CIT representa a más de 90 millones de empleados en los EE.UU. CIT, institución financiera de créditos a pymes y estudiantes con más de un siglo de historia, decidió el domingo acogerse al capítulo 11 de la ley de bancarrota estadounidense, debido a su incapacidad para sobrellevar una situación que se había deteriorado fuertemente en los últimos meses. CIT anunció haber acordado un plan de restructuración con los acreedores que reducirá su deuda en diez mil millones de dólares. El grupo recibió un préstamo de emergencia de 4.500 millones de dólares el 28 de octubre, tras hacer frente durante meses a la crisis financiera global. También había recibido 2.300 millones de dólares de dinero de los contribuyentes en diciembre del año pasado. El Wall Street Journal dijo el lunes que esta porción de la deuda será borrada en la quiebra. La financiera prevé un plan para resurgir como una nueva empresa a finales de año y para ello cuenta con el apoyo de sus acreedores.Como muchos bancos de Estados Unidos, CIT tuvo grandes problemas debido a la crisis de los créditos hipotecarios que castigó a la economía global y que aún causa muchos problemas. La quiebra subraya las dudas internacionales sobre la fortaleza de la recuperación de Estados Unidos. Las acciones japonesas cerraron en baja de 2,31% el lunes por las nuevas dudas sobre la sostenibilidad de la recuperación de Estados Unidos, acrecentadas por la quiebra de CIT.
“La decisión de proceder con el plan de reorganización permitirá a CIT seguir proporcionando fondos para las pequeñas empresas y los consumidores, dos sectores de importancia vital para la economía de EE.UU.”, indicó el presidente y director ejecutivo de la firma, Jeffrey Peek.Esta empresa, que con esta determinación planea recortar su deuda en $ 10.000 millones, cuenta con unos activos de $ 71.000 millones y otros $ 64.900 millones en pasivos, según datos con fecha 30 de junio. En su plan de reorganización, la firma espera además reducir sus necesidades de liquidez en los próximos tres años, además de reforzar su capital y volver cuanto antes a los beneficios. Peek aseguró que la quiebra afecta únicamente a la compañía tenedora, mientras que sus subsidiarias, incluyendo el banco Utah, seguirán operando con normalidad. El objetivo de la financiera es continuar otorgando financiamiento a las Pymes y a los consumidores de los mercados intermedios. “Estos dos sectores desempeñan un papel vital en la economía estadounidense y en su totalidad representan a más de 90 millones de empleados”, destacaron desde la compañía.CIT señaló que hay un millón de consumidores que dependen de la empresa para cubrir sus necesidades de financiación. Según datos de la Asociación Nacional de Pequeños Negocios, el 6% de los créditos de las Pymes a principios de año procedían del CIT. Las acciones de CIT cayeron en la Bolsa de Nueva York, se desplomaron un 65,28% y su cotización debió ser suspendida durante la sesión por su intensa caída.

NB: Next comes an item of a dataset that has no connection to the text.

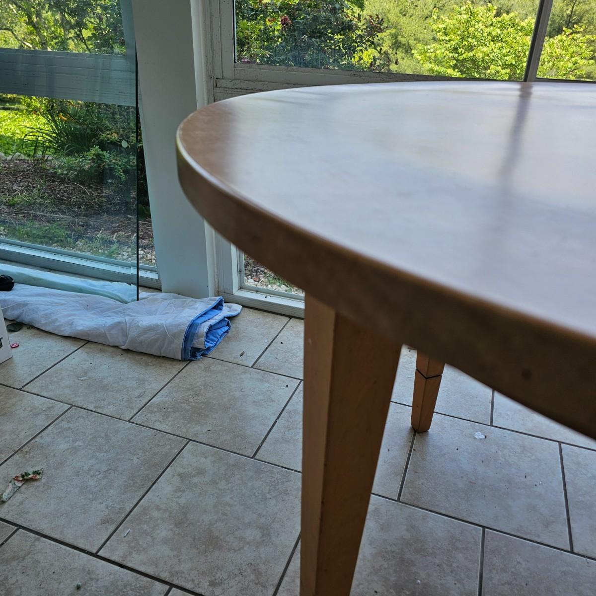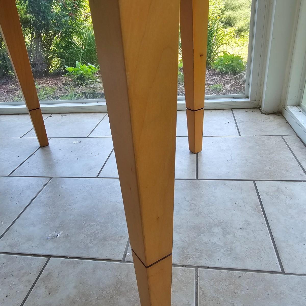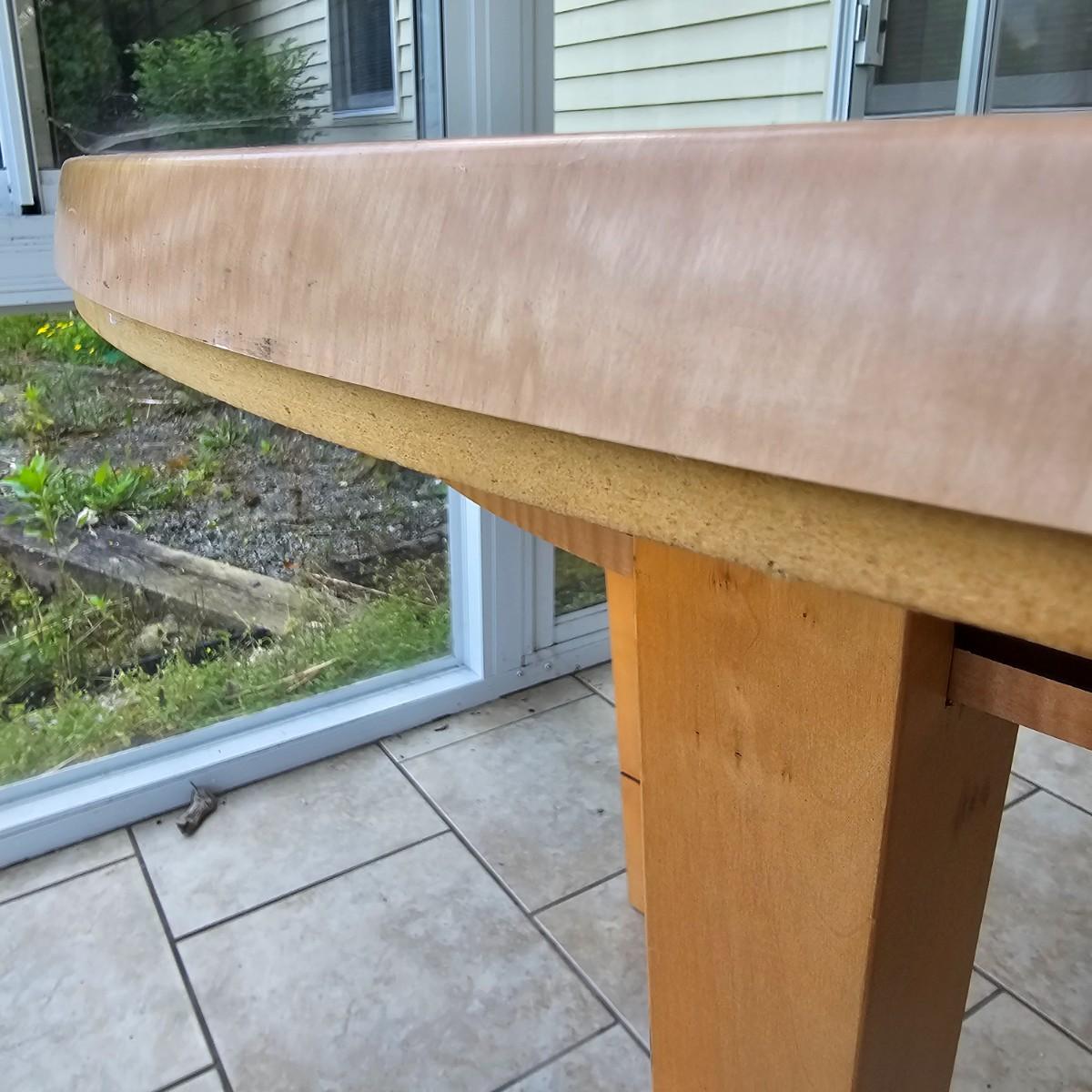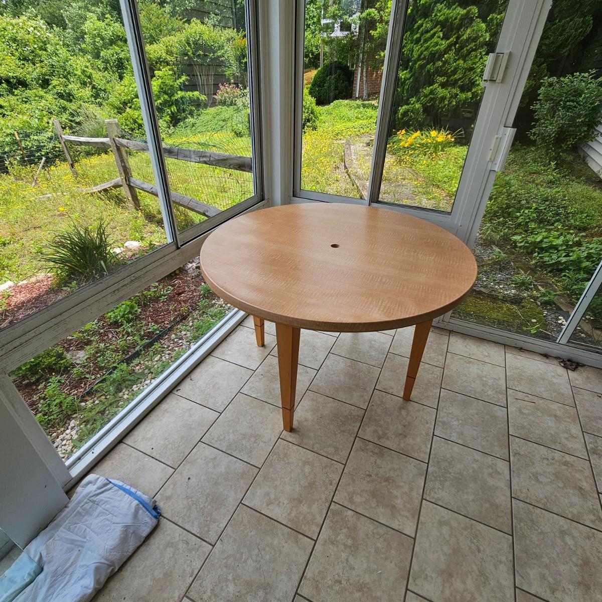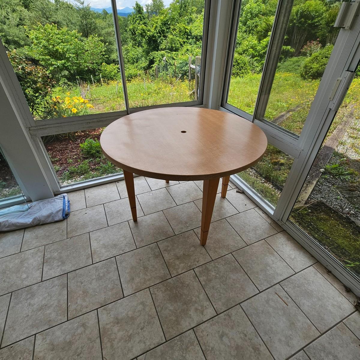 One 44"D patio table with center hole and 42"D plexiglass top. Square tapered legs and decorative edges, this table stands 28"H. There is some delamination on the top center and around the edges. See photos for details. Local pickup only.

"La quiebra de CIT es un severo recordatorio de que la recuperación económica total está todavía lejos. El mercado comercial de préstamos se ha endurecido justo cuando los pequeños negocios lucharán por hacerse de fondos", dijo el operador Manoj Ladwa de ETX Capital en Londres. El directorio de CIT expresó confianza de que la firma, que brinda financiación a casi un millón de pequeñas y medianas compañías en 50 países, pueda capear la tormenta de la bancarrota. CIT dijo que aspira a emerger de la protección judicial a fin de año. El presidente ejecutivo de CIT Group, Jeffrey Peek, quien anunció que dejará el cargo a fin de año, dijo que el plan permitirá que las subsidiarias continúen operando. Con activos valorados en 71.000 millones de dólares, la del CIT se constituye en la quinta quiebra más grande en la historia de Estados Unidos después de Lehman Brothers (2008), Washington Mutual (2008), WorldCom (2002) y General Motors (2008).